I know what I should feel. I know the version of me that would already be calculating the exit, cataloguing the reasons this is complicated and professionally catastrophic.

But I'm standing in a shower with Luka Popovich's hands in my hair and water running warm over both of us, and I find that I can't locate the part of myself that wants to leave.

"So what do we do now?" I ask.

He smiles and then kisses me.

"You let me take you on a date to get breakfast and then we figure it out from there."

"A date?" I ask.

He nods. "A date."

"Have you ever done one of those?"

"You’re my first."

Then he grabs towels for both of us and we dry off and get dressed.

Chapter Twenty-Three

LUKA

We step into the village together.

Side by side, holding hands. We’re no longer five feet apart, and she’s no longer chasing me down a corridor with a PR strategy in her head and a death wish. I don’t have to pretend that I don't like her closeness, or that the sound of her voice when she’s frustrated with me doesn’t make me want to kiss her.

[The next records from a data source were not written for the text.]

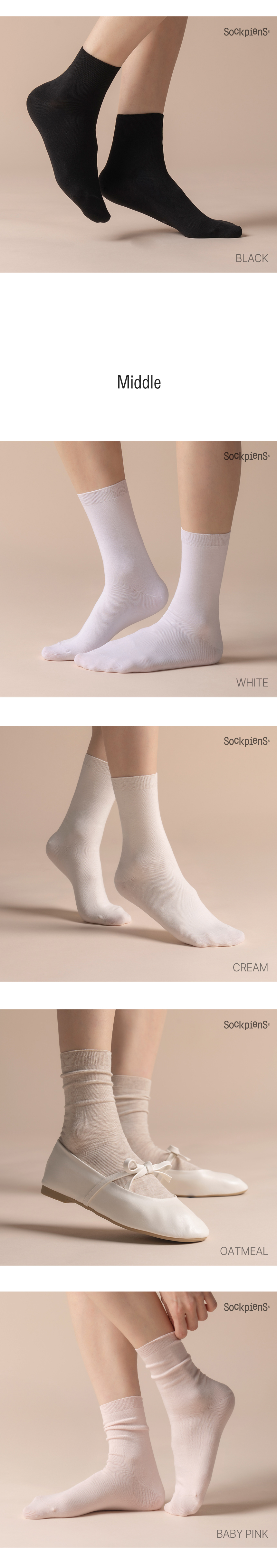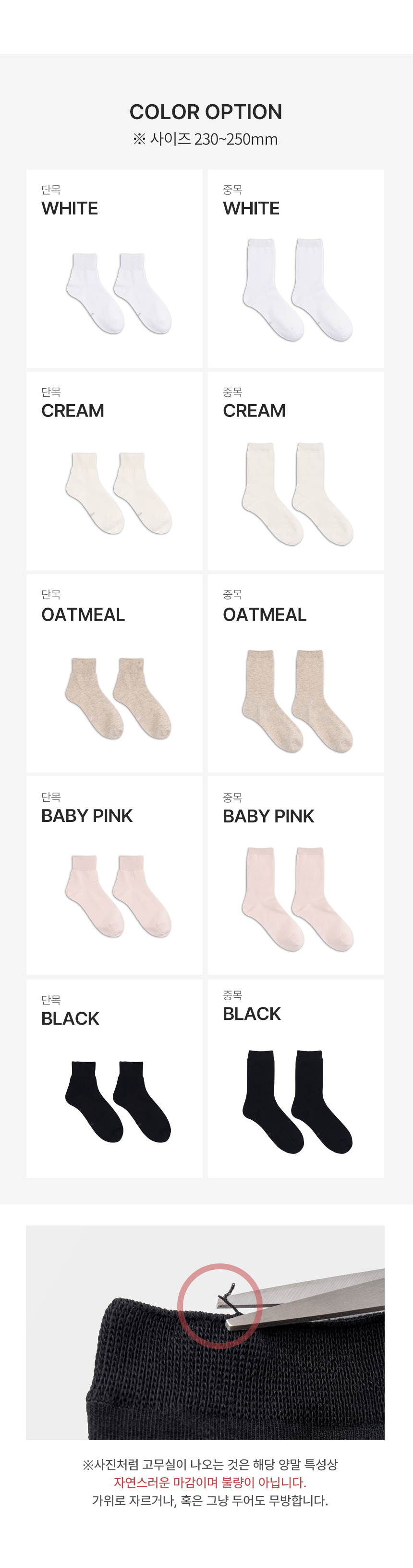 [8팩] 무압박 밴드 여자 무지 중목 양말
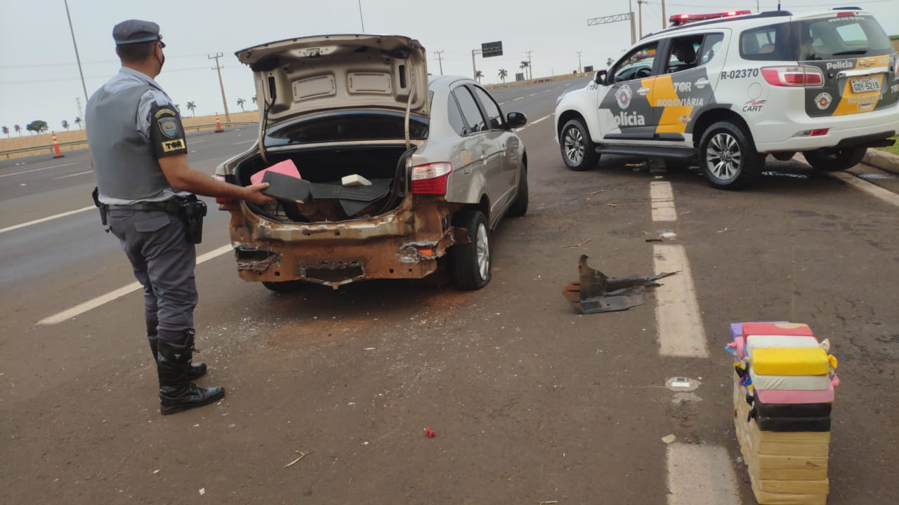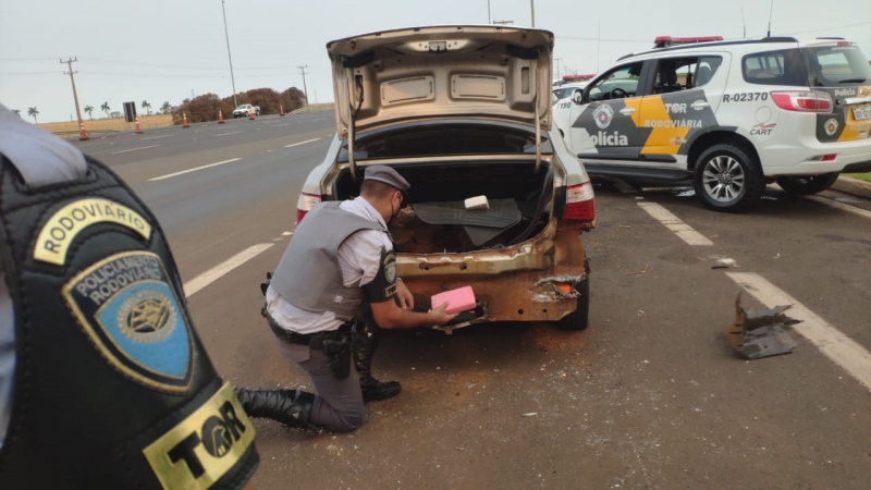 A mulher trafegava pelo quilômetro 414 da rodovia Raposo Tavares, município de Palmital, com o veículo Fiat Siena, placas de Mato Grosso do Sul, quando foi abordada pelos policiais transportando em um fundo falso do porta-malas, 55 tabletes de cocaína.
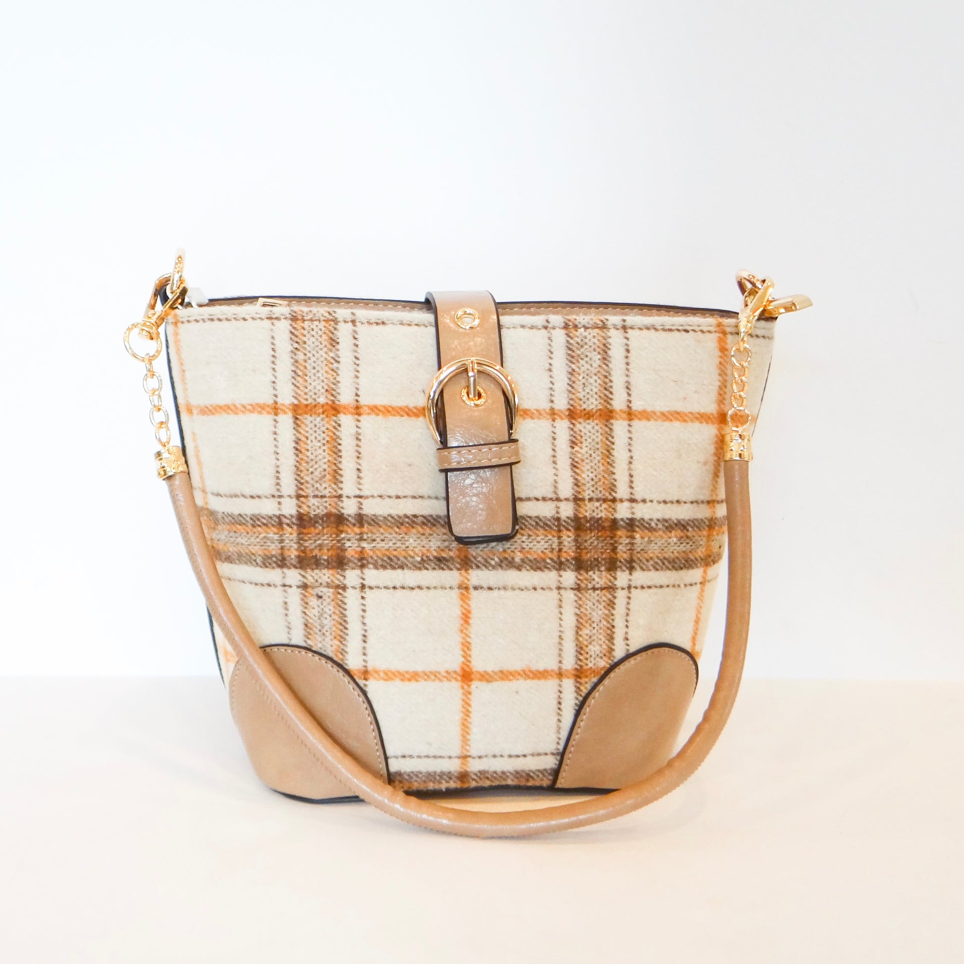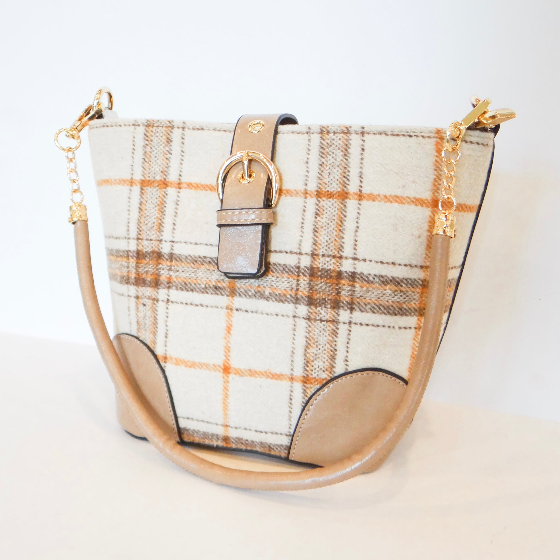 Embrace the season with the Georgina Plaid Bucket Bag, featuring a warm rust and cream palette perfect for fall. Its versatile bucket shape offers ample space for your essentials, making it both stylish and practical. Designed to complement autumn wardrobes, this purse adds a cozy, chic touch to any outfit while keeping your belongings organized and within reach.
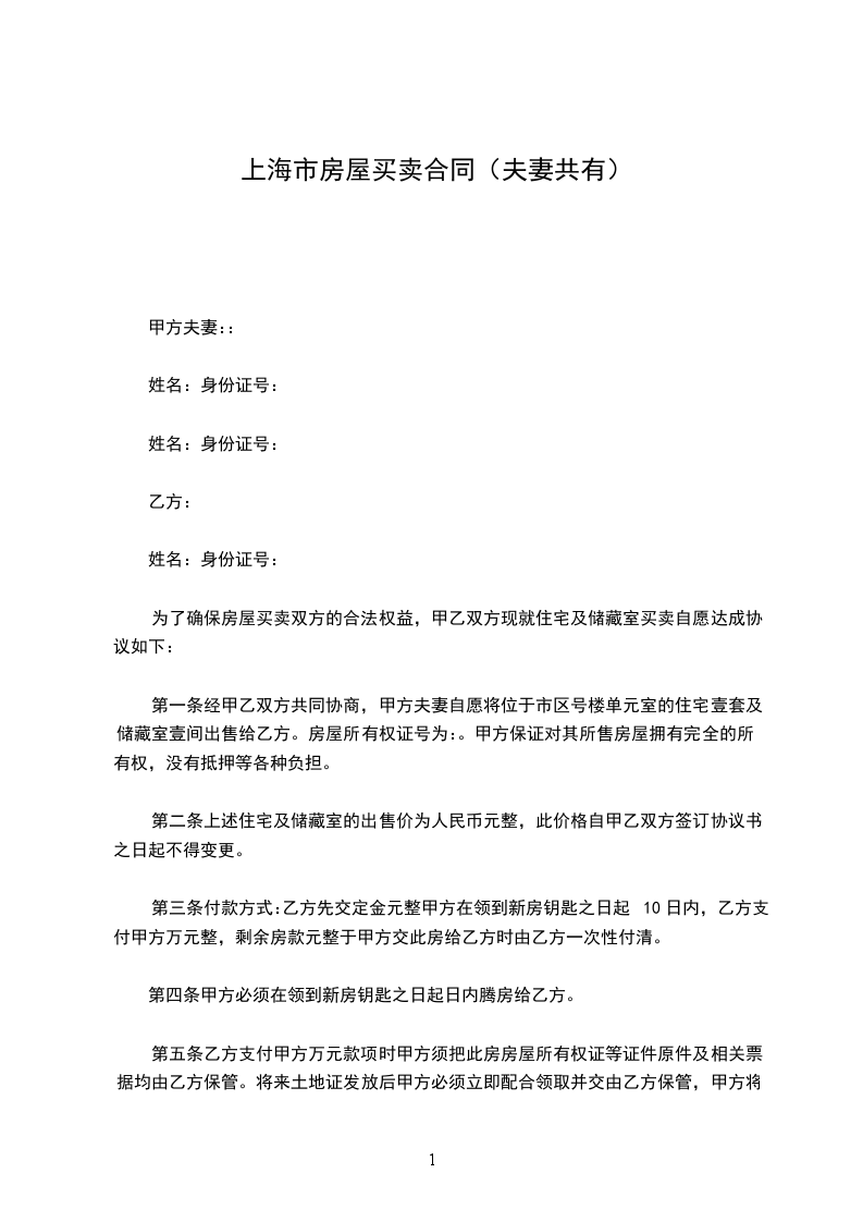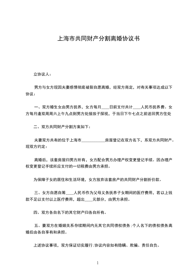夫妻双方共有的位于上海市____________房屋登记在双方名下,系双方共同财产。现双方约定:
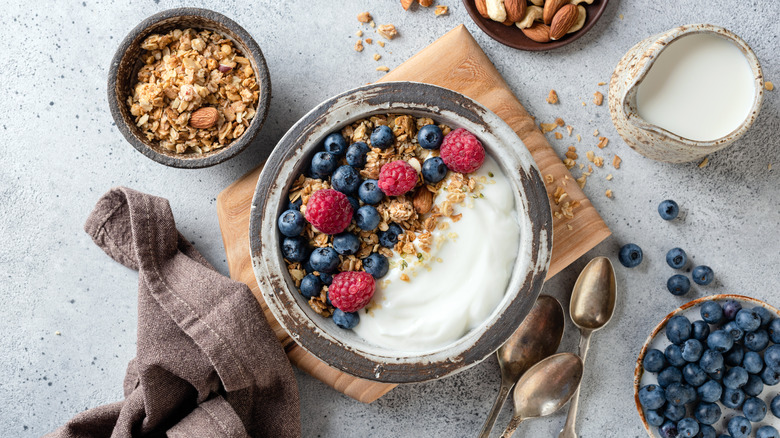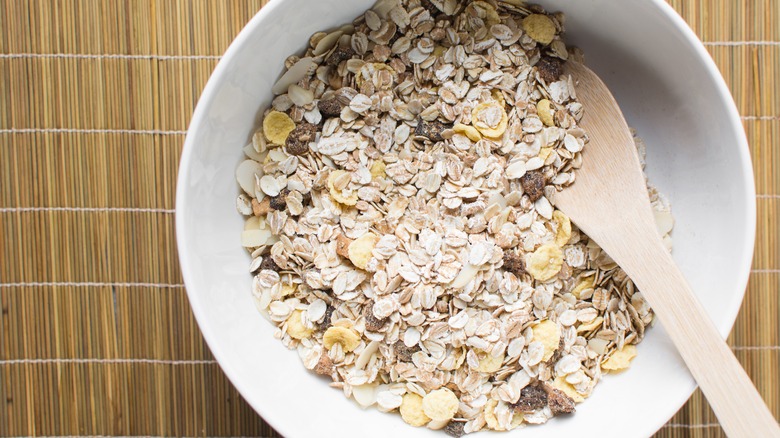 Before unpacking the differences, it can be helpful to start with a foundational reminder of what these two varieties actually are. The chief ingredients in granola are rolled oats, crushed nuts, and honey. Granola is commonly served as a topping over yogurt or oatmeal, or snacked on straight out of the bag. Muesli (pronounced mews-li) is a mixture of fruit, nuts, and grains. It's often enjoyed with milk as a breakfast cereal (also notably lower in sugar and calories than many boxed breakfast cereals). Another popular serving style is to soak muesli in milk or yogurt in the fridge "overnight oats" style, or it can be incorporated into baked goods like muffins, cookies, or pancakes.
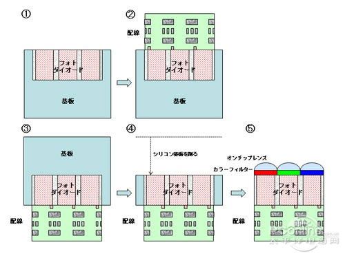 背照式CMOS傳感器的具體結(jié)構(gòu)如上圖所示(源自索尼資料,其他芯片廠家的產(chǎn)品可能在細(xì)節(jié)上有不同,但大體意思是相同的),橙色的為光線路,黃色線為受光面。左邊的傳統(tǒng)式,明顯看到光線通過微透鏡后還需要經(jīng)過電路層才能到達(dá)受光面,中途光線必然會遭到部分損失(包括被阻擋或被減弱)。背照式CMOS傳感器的元件則不同,在改變了結(jié)構(gòu)后,光線通過微透鏡后就可以直接到達(dá)感光層的背面,完成光電反應(yīng),從進(jìn)光量上改善了感光過程。[page]

The air is cold, but the sun is warm. The first blue sky since the storm finally blew past completely. One of the best days to be out on the slopes, but right now, this is where I want to be—with her.

Snow crunches under our boots. The village is alive with tourists spilling out of rental shops, ski gear clattering, couples walking the way people walk with no urgency to get anywhere.

"When was the last time you walked around in public with a woman?" she asks, a teasing glint in her eyes.

I glance down at her. She should have already guessed, but I’ll tell her.

"Never."

"Then why now?"

My thumb finds her knuckles, gently sliding over the top.

"Like I said last night, I’m trying something new, and you’re the only one I want to try it with."

I lift her hand to my lips and kiss her freezing hand.

She’s about to jump into a follow-up question when I hear my name. Someone recognizes me near the fountain and asks for an autograph. A teenage kid, which means I won’t ignore him. The paparazzi and journalists are the ones who get a cold shoulder. Not true fans.